Output only the lines of the entries that follow, starting at the one with "Vintage Rawlings Baseball" and running down to the one with "دانش اموزان مقام", both included and unchanged.
[[ SOURCE DATA open ]]
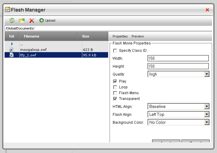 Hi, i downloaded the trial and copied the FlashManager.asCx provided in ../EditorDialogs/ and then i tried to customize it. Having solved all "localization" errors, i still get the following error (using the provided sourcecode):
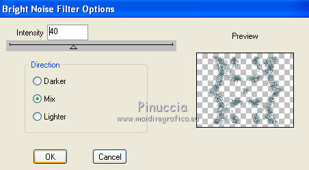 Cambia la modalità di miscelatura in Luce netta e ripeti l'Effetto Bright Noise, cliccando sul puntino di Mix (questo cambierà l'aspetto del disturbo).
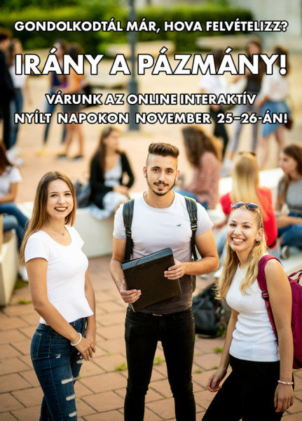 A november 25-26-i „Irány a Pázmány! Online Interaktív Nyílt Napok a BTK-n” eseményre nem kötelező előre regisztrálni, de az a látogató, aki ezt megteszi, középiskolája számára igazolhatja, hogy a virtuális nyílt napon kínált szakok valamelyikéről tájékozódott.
[[ SOURCE DATA closed ]]
[[ SOURCE DATA open ]]
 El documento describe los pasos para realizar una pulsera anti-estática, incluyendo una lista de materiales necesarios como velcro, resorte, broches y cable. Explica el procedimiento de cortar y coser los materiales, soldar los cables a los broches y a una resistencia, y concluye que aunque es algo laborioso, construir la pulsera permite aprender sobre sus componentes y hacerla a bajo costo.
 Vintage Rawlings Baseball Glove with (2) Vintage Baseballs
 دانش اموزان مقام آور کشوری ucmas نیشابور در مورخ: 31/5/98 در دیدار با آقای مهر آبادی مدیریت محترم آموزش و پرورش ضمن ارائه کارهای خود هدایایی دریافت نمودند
[[ SOURCE DATA closed ]]
• **RESPONSE AREA**
 Vintage Rawlings Baseball Glove with (2) Vintage Baseballs
 دانش اموزان مقام آور کشوری ucmas نیشابور در مورخ: 31/5/98 در دیدار با آقای مهر آبادی مدیریت محترم آموزش و پرورش ضمن ارائه کارهای خود هدایایی دریافت نمودند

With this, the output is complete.